* _Source material_
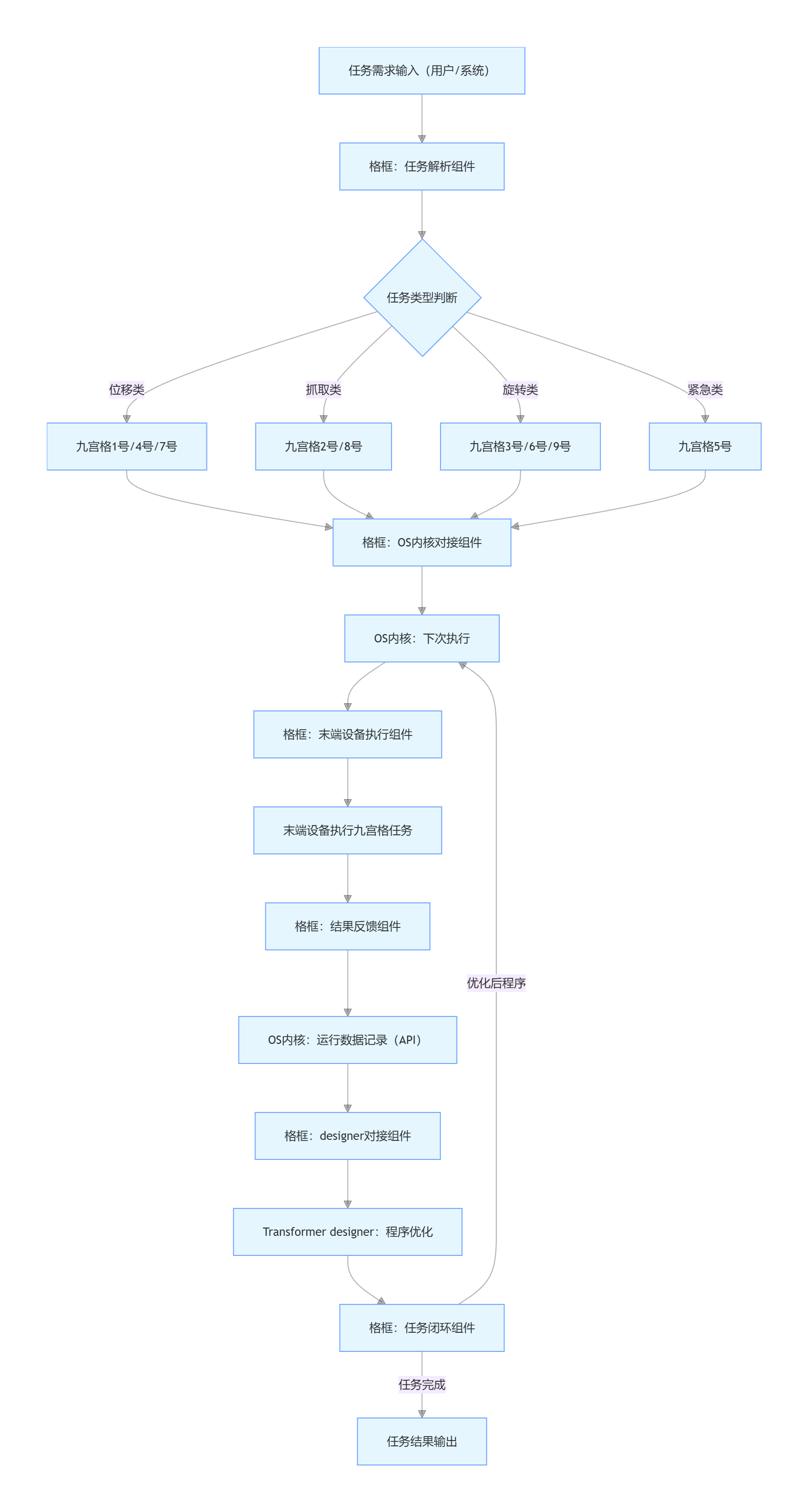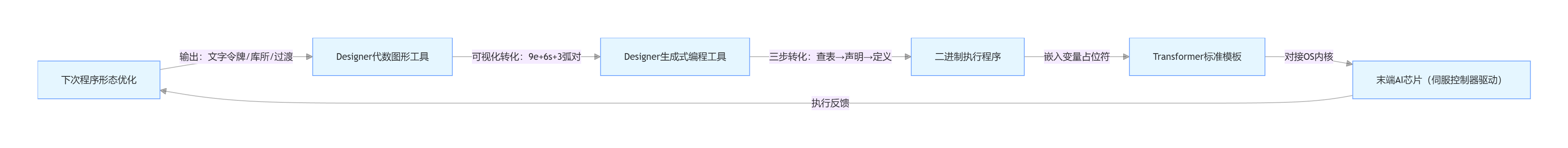 还要呼应之前的设计:Transformer 九宫格是 designer 生成程序的核心依据(比如 1 号模块对应精准位移程序),OS 内核的三大职能(组织者 / 管理者 / 服务者)是调度和支撑这些程序的基础,接口层是两者交互的桥梁,模板文件是两者共用的 “标准契约”(designer 按模板生成,OS 按模板解析)。
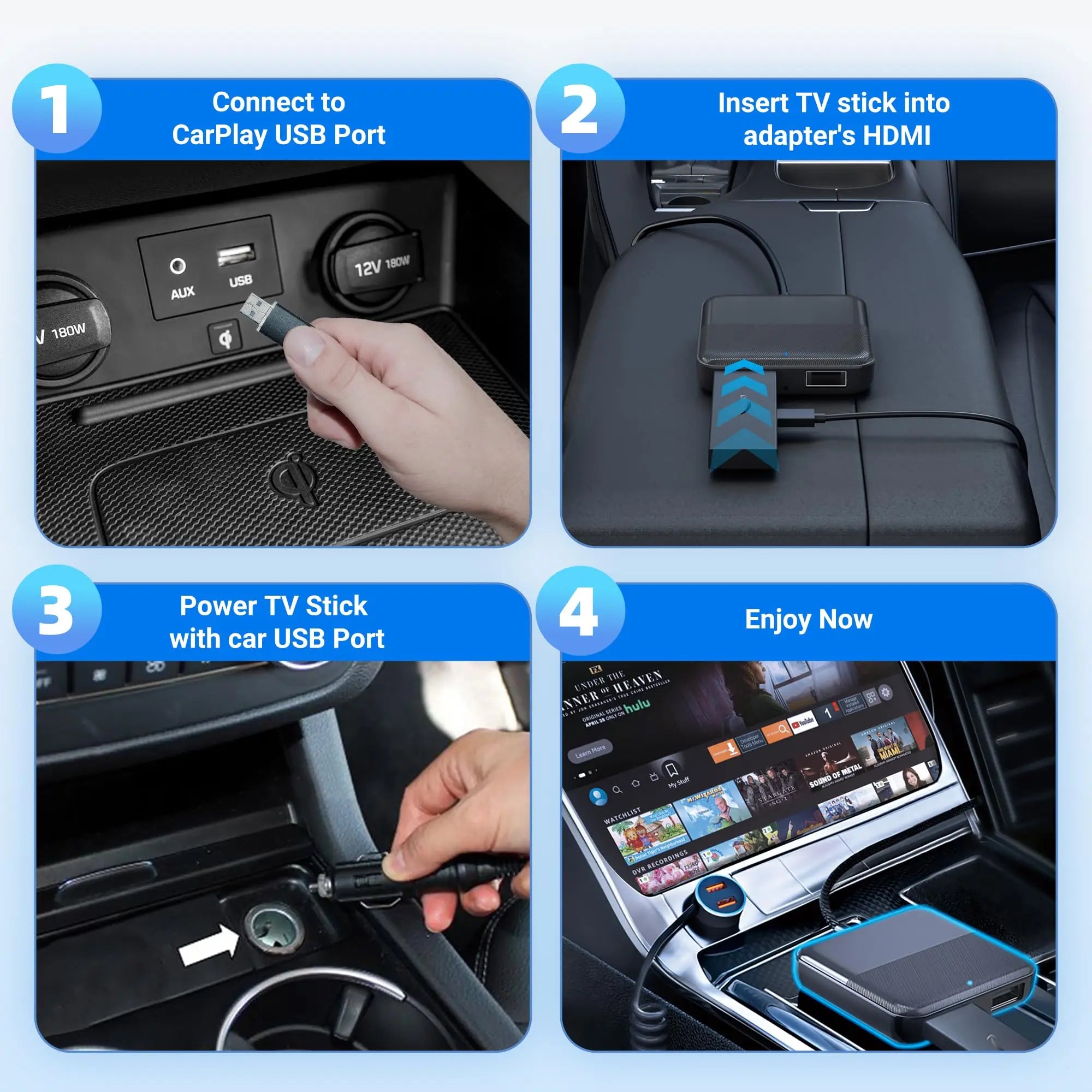 - Iestatīšana ir ātra un vienkārša: pieslēdzieties caur USB un HDMI, nav nepieciešamas papildu lietotnes, un izbaudiet uzticamu izklaidi automašīnā ceļojuma laikā.
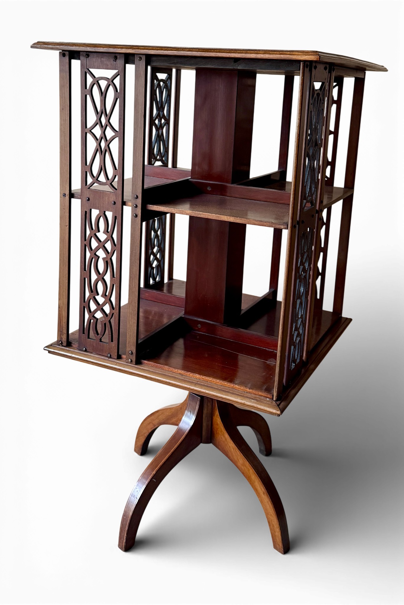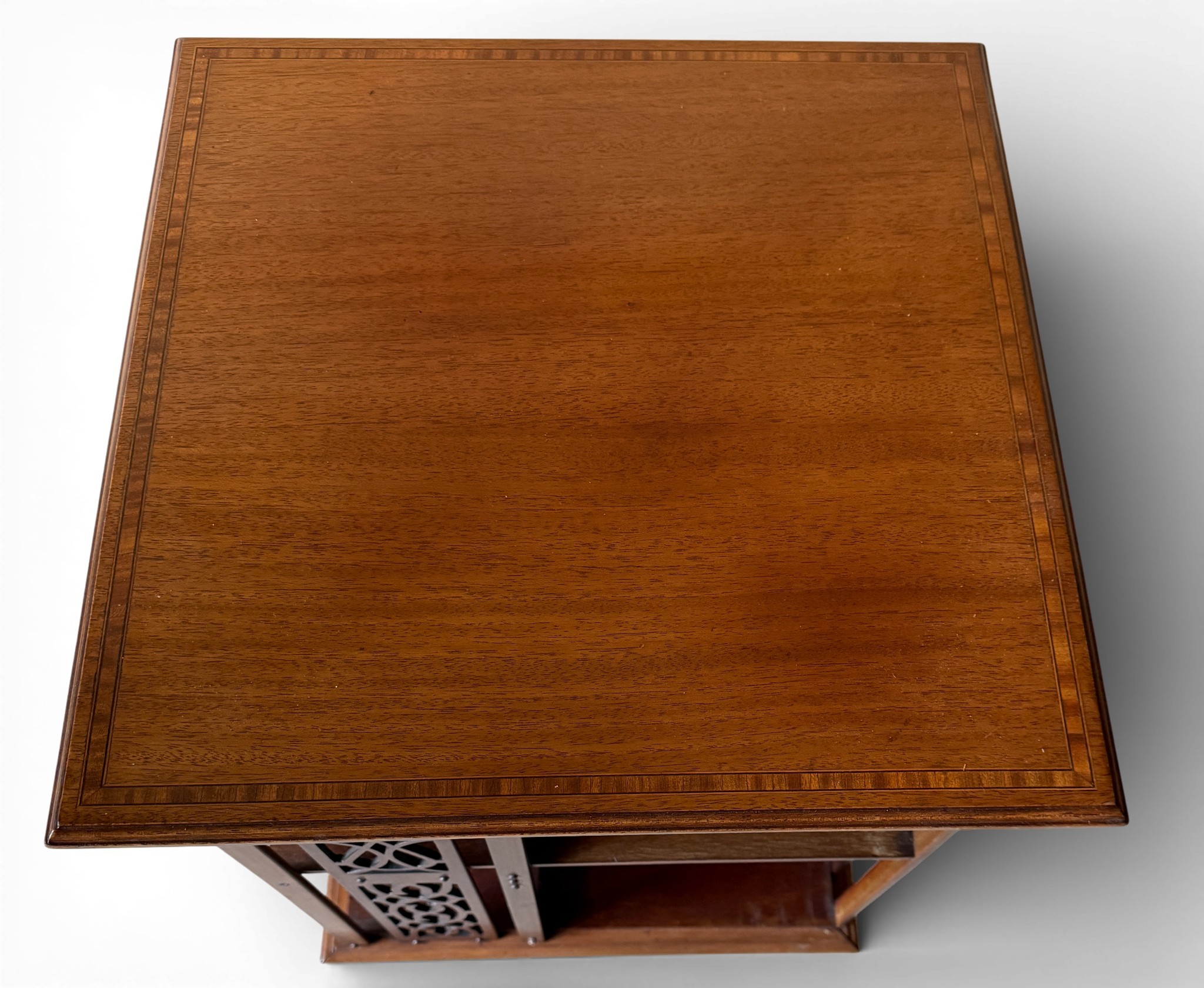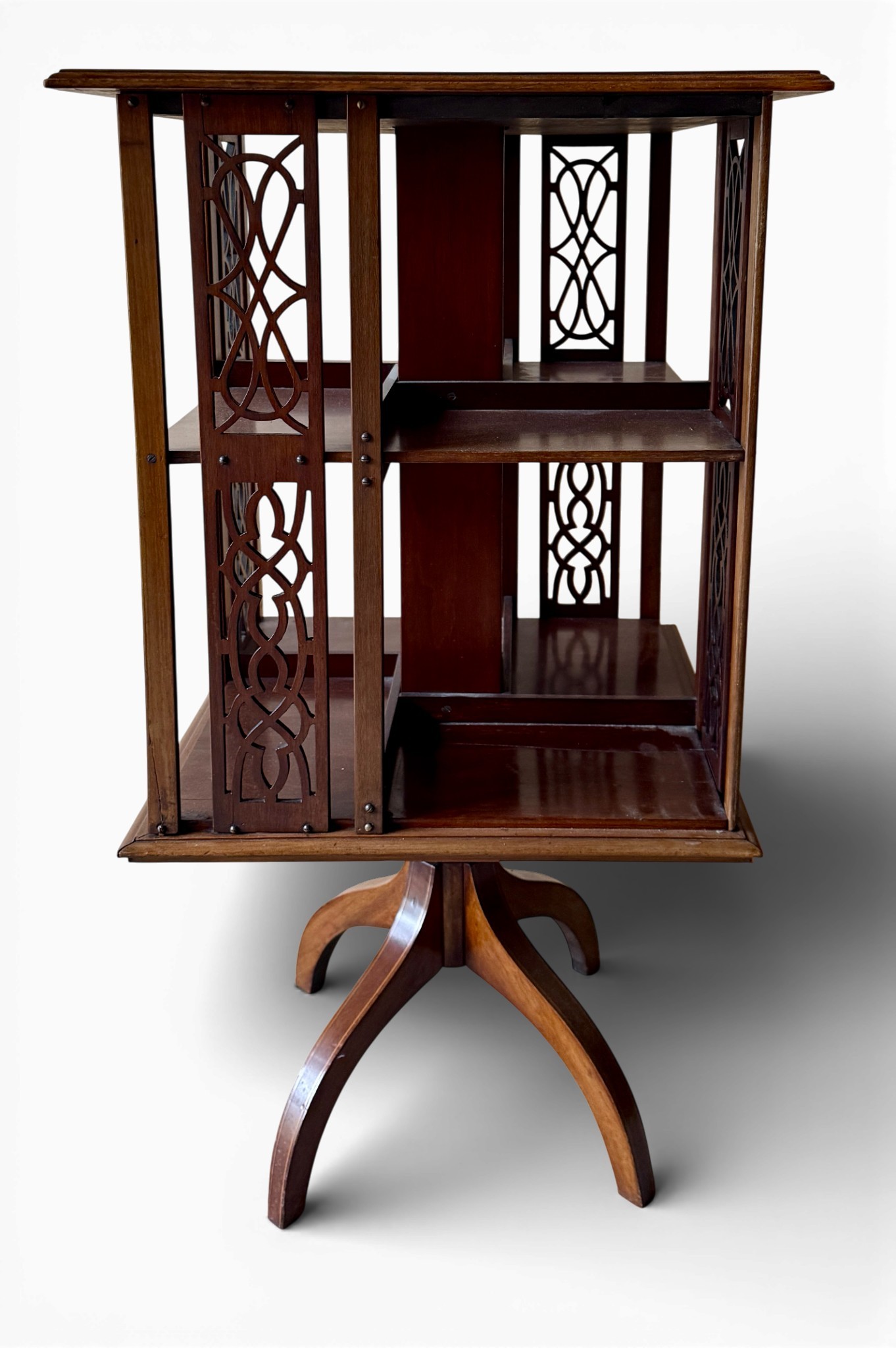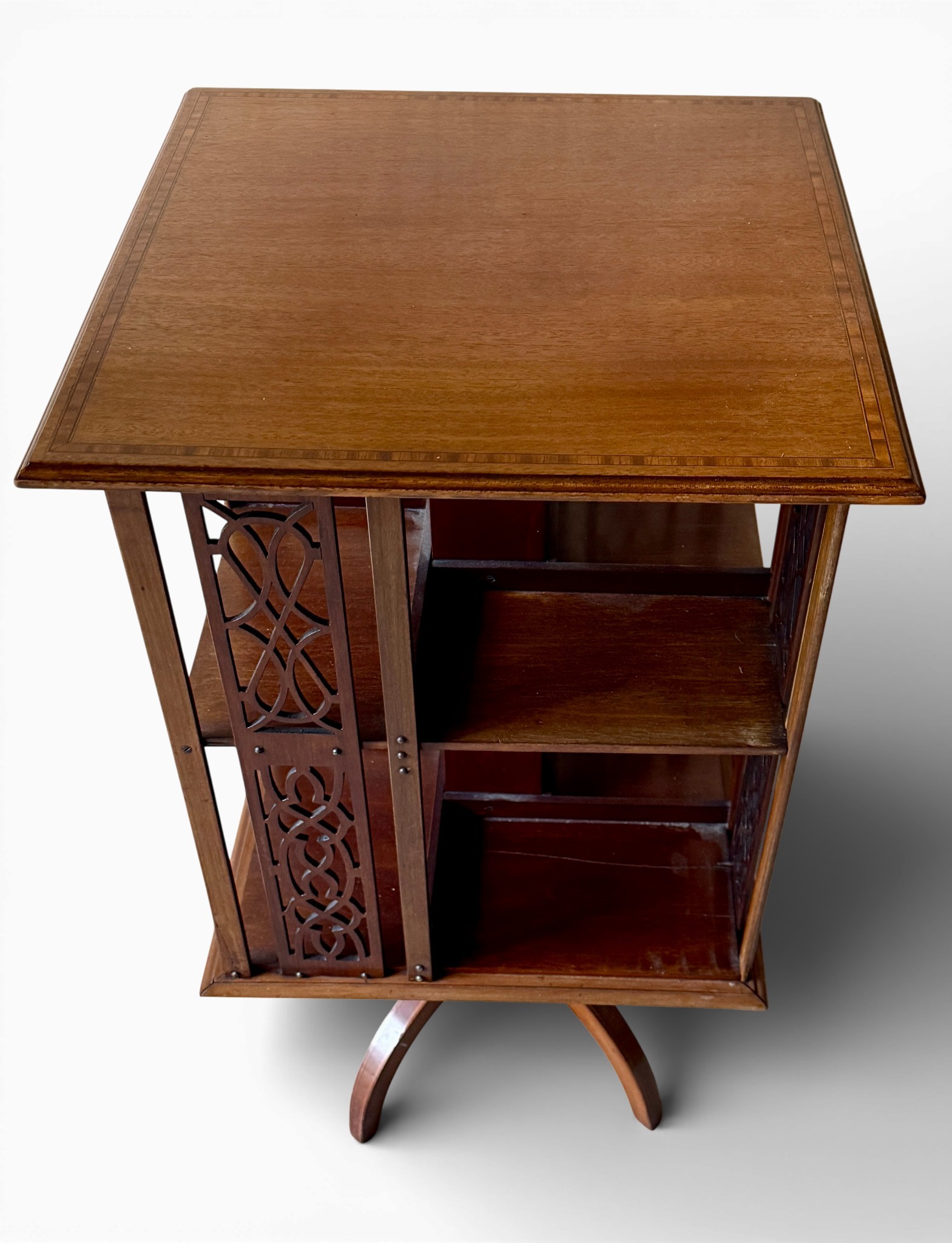 An Edwardian mahogany inlaid revolving bookcase. 43cm x 43cm x 81cm h.

* _Action item_
Images are not wanted in the copy. Please print the material above exactly.

* _Answer section_
 还要呼应之前的设计:Transformer 九宫格是 designer 生成程序的核心依据(比如 1 号模块对应精准位移程序),OS 内核的三大职能(组织者 / 管理者 / 服务者)是调度和支撑这些程序的基础,接口层是两者交互的桥梁,模板文件是两者共用的 “标准契约”(designer 按模板生成,OS 按模板解析)。
 - Iestatīšana ir ātra un vienkārša: pieslēdzieties caur USB un HDMI, nav nepieciešamas papildu lietotnes, un izbaudiet uzticamu izklaidi automašīnā ceļojuma laikā.
 An Edwardian mahogany inlaid revolving bookcase. 43cm x 43cm x 81cm h.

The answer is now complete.